● **Aim of the task**: Leaving out all pictures, write down exactly the lines from the one containing "(서울=연합뉴스) 류효림 기자" through the last line of the material.

● **Data below**:
^^^^^^^^^^^^^^^^

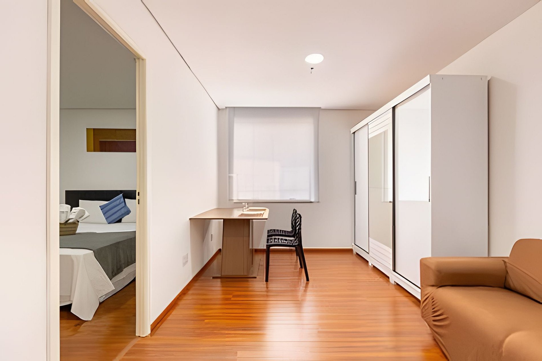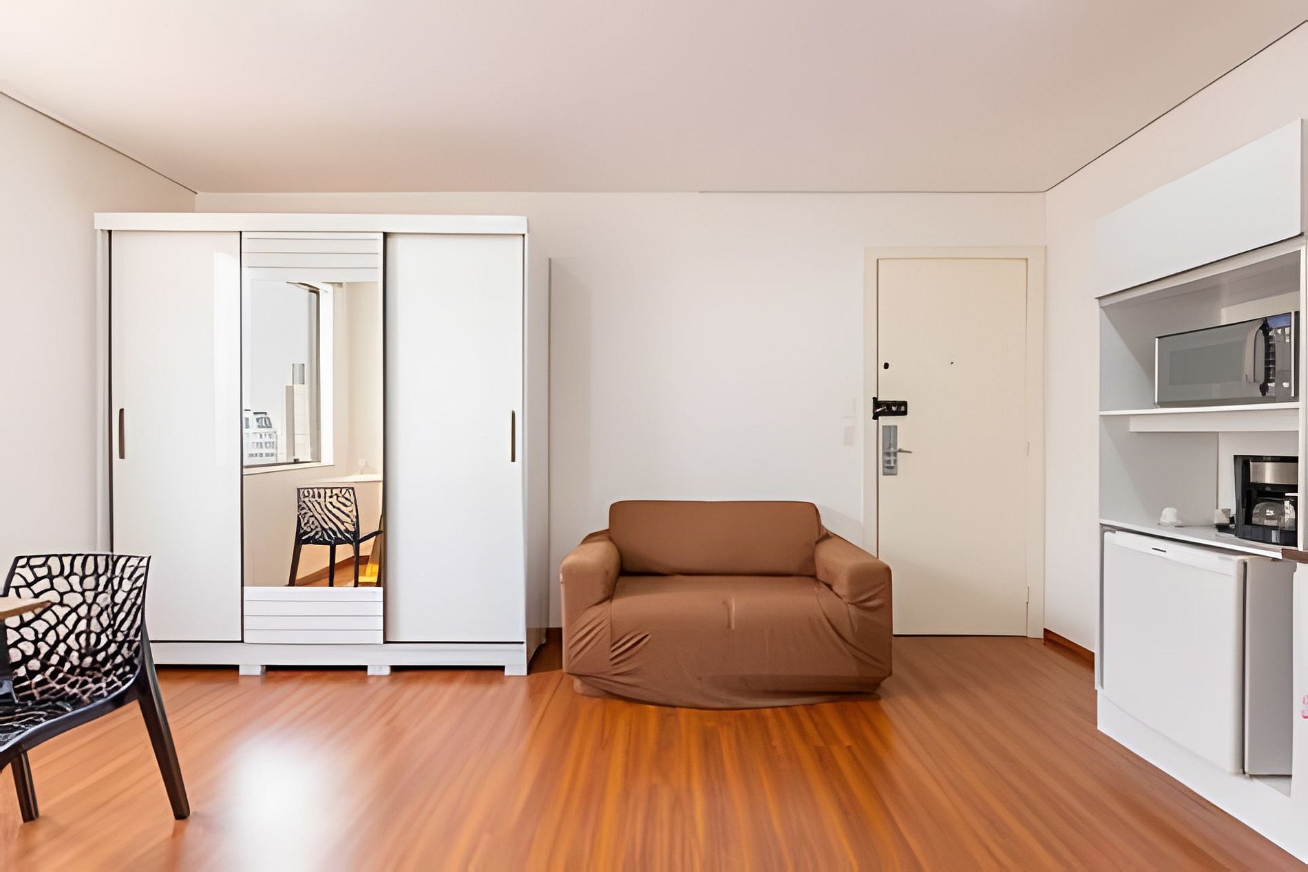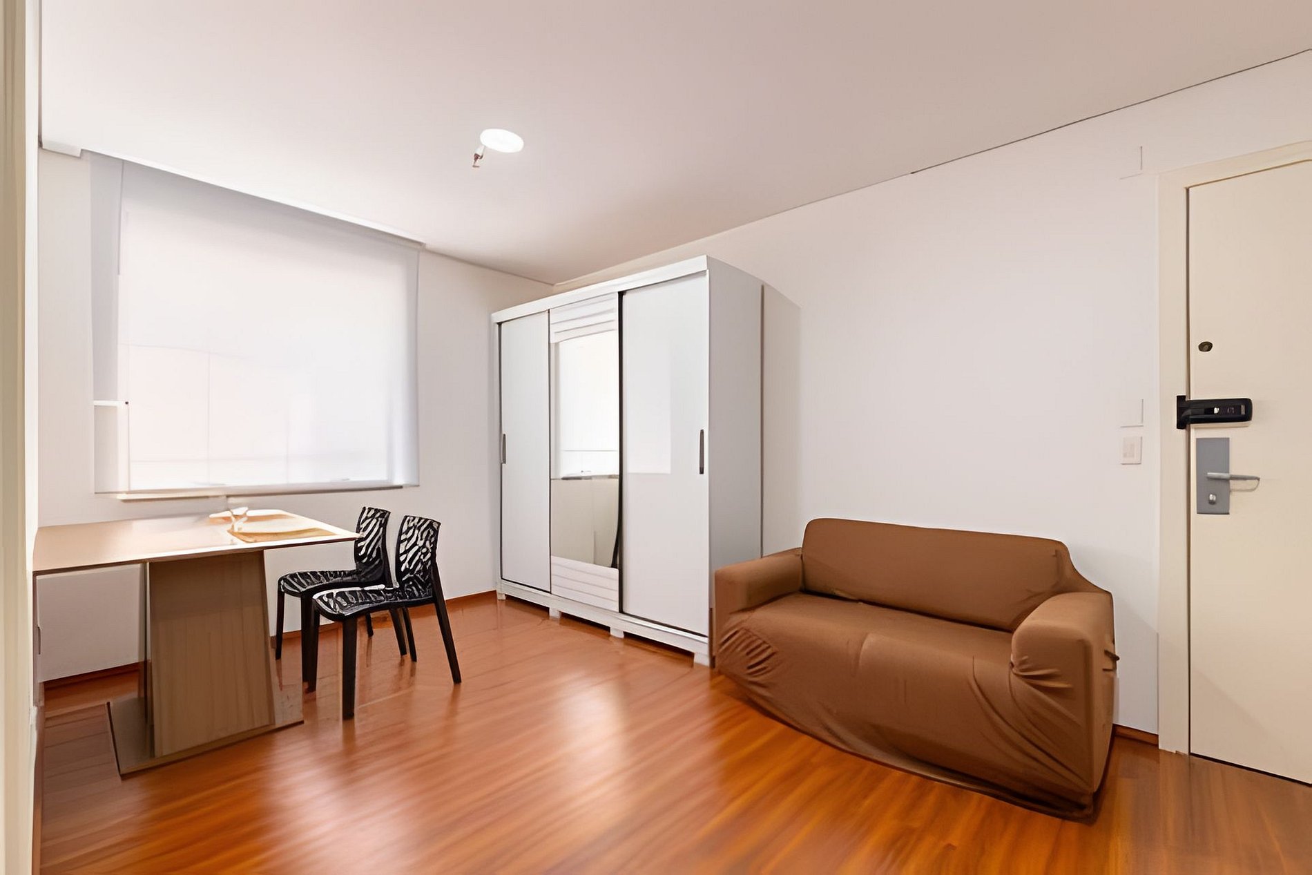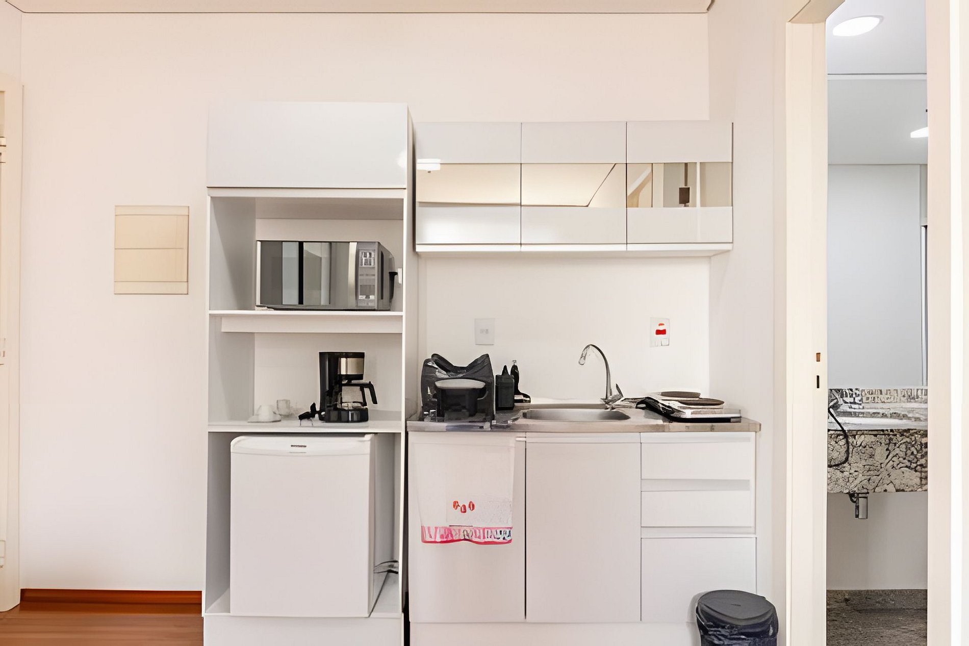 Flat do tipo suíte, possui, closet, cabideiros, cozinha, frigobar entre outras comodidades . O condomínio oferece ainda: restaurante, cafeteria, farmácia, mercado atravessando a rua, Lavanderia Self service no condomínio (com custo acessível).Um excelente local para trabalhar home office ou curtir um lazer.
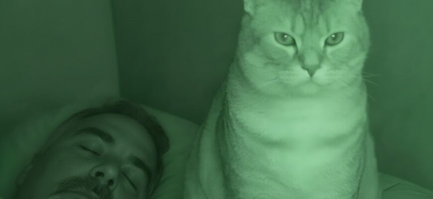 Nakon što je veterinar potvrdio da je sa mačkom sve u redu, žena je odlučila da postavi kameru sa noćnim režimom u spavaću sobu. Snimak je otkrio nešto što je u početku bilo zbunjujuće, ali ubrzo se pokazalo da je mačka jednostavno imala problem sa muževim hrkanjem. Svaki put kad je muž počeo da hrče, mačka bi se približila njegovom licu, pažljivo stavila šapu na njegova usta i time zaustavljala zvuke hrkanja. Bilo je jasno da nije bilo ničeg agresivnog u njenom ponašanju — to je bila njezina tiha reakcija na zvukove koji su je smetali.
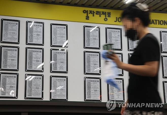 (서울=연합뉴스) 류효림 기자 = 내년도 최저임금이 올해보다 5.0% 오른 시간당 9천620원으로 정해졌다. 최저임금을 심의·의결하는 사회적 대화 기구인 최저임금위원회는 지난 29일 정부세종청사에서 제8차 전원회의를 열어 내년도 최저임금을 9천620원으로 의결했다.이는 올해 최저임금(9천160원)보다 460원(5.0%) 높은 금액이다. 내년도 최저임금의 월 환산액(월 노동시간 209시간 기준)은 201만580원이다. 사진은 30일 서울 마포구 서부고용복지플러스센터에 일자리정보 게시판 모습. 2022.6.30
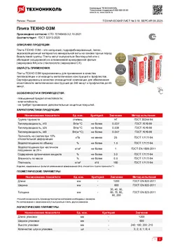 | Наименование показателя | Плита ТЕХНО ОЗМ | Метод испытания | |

^^^^^^^^^^^^^^^^

● **Task result**:
 (서울=연합뉴스) 류효림 기자 = 내년도 최저임금이 올해보다 5.0% 오른 시간당 9천620원으로 정해졌다. 최저임금을 심의·의결하는 사회적 대화 기구인 최저임금위원회는 지난 29일 정부세종청사에서 제8차 전원회의를 열어 내년도 최저임금을 9천620원으로 의결했다.이는 올해 최저임금(9천160원)보다 460원(5.0%) 높은 금액이다. 내년도 최저임금의 월 환산액(월 노동시간 209시간 기준)은 201만580원이다. 사진은 30일 서울 마포구 서부고용복지플러스센터에 일자리정보 게시판 모습. 2022.6.30
 | Наименование показателя | Плита ТЕХНО ОЗМ | Метод испытания | |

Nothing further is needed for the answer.